American Folk Songs, Copyright NMPA.

By jimrob | August 7, 2008

I was watching City Slickers on Hallmark Movie Channel. The part where Jack Palance and Billy Crystal are out on a log singing and playing harmonica inspired me. I decided to come out here to the office and get the guitar tabs for “Home on the Range” so I could try playing that song sometime.

I encountered one of those modern-day American legal gray-areas, apparently. The first site turned up in Google had a simple note:

Due to legal threats from the MPA and the NMPA (National Music Publishers Association), we currently can not show you this tab/lyric. We are doing our best to bring you free guitar tabs and lyrics available again in the near future, so please check back regularly.

Okay. “Home on the Range” is a song much older than the NMPA, the MPA, and just about anything else from the past, oh I dunno, 145 years since it’s first incarnation in the form of a poem. Why would the lyrics and tabs be subject to copyright?

It seems country singer Michael Martin Murphy recorded the song at some point.
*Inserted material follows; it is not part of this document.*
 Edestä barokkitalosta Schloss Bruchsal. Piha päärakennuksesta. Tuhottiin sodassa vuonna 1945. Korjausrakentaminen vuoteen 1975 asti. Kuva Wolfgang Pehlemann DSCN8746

He put it on an album and released it. Somehow, this makes the song a property of the MPA and the lyrics a property of the NMPA.
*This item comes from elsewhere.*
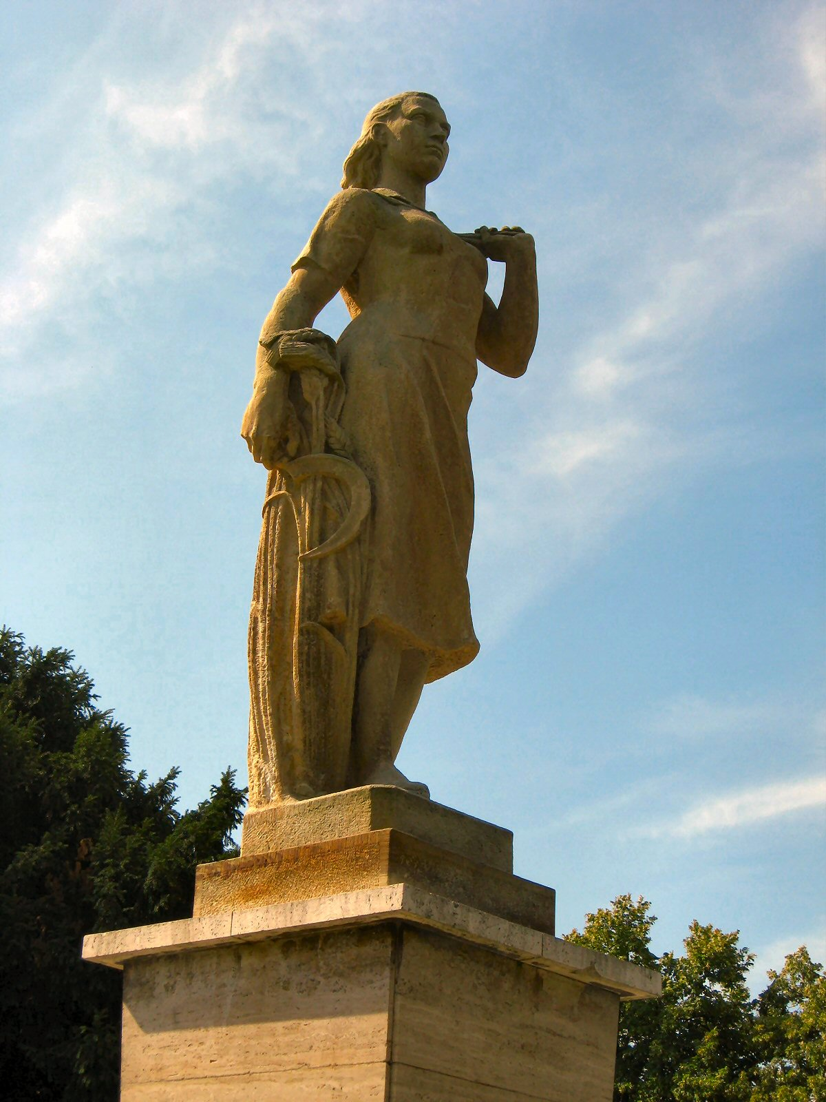 Statue of a proletar woman from the ages of communism in town Šurany, Slovakia.

We’re talking about the flippin’ state song of Kansas. Can this clearly public-domain work be subject to copyright? It originated in 1873 as a poem, then was arranged to music in three different forms in the years of 1876, 1904, and (in it’s most recognized form) 1910. Yet a simple thing like someone recording (not writing, just recording) the song makes publishing its lyrics and notes subject to copyright infringement.

Could someone please explain how this works? Can I record “Amazing Grace” and then sue anyone who tries to sing it without compensating me? Can I publish the sheet music to “America the Beautiful” then file legal threats against sixth-grade music classes who don’t pay me before playing it?
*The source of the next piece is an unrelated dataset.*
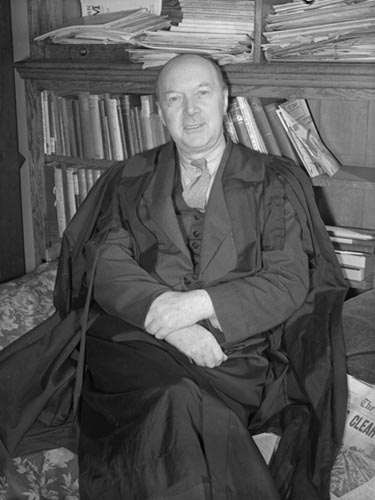 Title: Edwin J. Pratt, Place: TORONTO (ONT.)

The stupidest part of all this is that the website, which I refuse to link to, doesn’t even credit a singer, songwriter, or anyone at all! The tab simply states “Home on the Range, by UNKNOWN ARTIST”. I’m completely befuddled, bewildered, and stupified.

God Bless you, entertainment industry, for monetizing and profiting from American culture and folklore. Where there’s money to be made, you’ll be there. Send me a letter. I dare you.

Look Ma, I’m breakin’ the law by reprinting the lyrics and chords to a song that’s been around since before your great-grandma was born! (The chords aren’t spaced properly, so you’ll have to go here to see where you need to change.)

Home On The Range
Traditional Cowboy Song

Home On The Range

G G7 C Cm
Oh, give me a home where the buffalo roam
G D7
Where the deer and the antelope play
G G7 C Cm
Where seldom is heard a discouraging word
G D7 G
and the skies are not cloudy all day

Chorus:
D7 G
Home, home on the range
D7
Where the deer and the antelope play
G C Cm
Where seldom is heard a discouraging word
G D7 G
and the skies are not cloudy all day

The Red Man was pressed from this part of the west
It’s not likely he’ll ever return
to the banks of Red River, where seldom, if ever
his flickering campfires still burn

Repeat chorus

How often at night when the heavens are bright
with the light from the glittering stars
Have I stood there amazed and asked, as I gazed
if their glory exceeds that of ours

Repeat chorus

Oh, give me a land where the bright diamond sand
flows leisurely down the stream
Where the graceful white swan goes gliding along
like a maid in a heavenly dream

Repeat chorus

It’s ironic that a song which pines about wide open spaces and optimism has a legal threat hanging over it.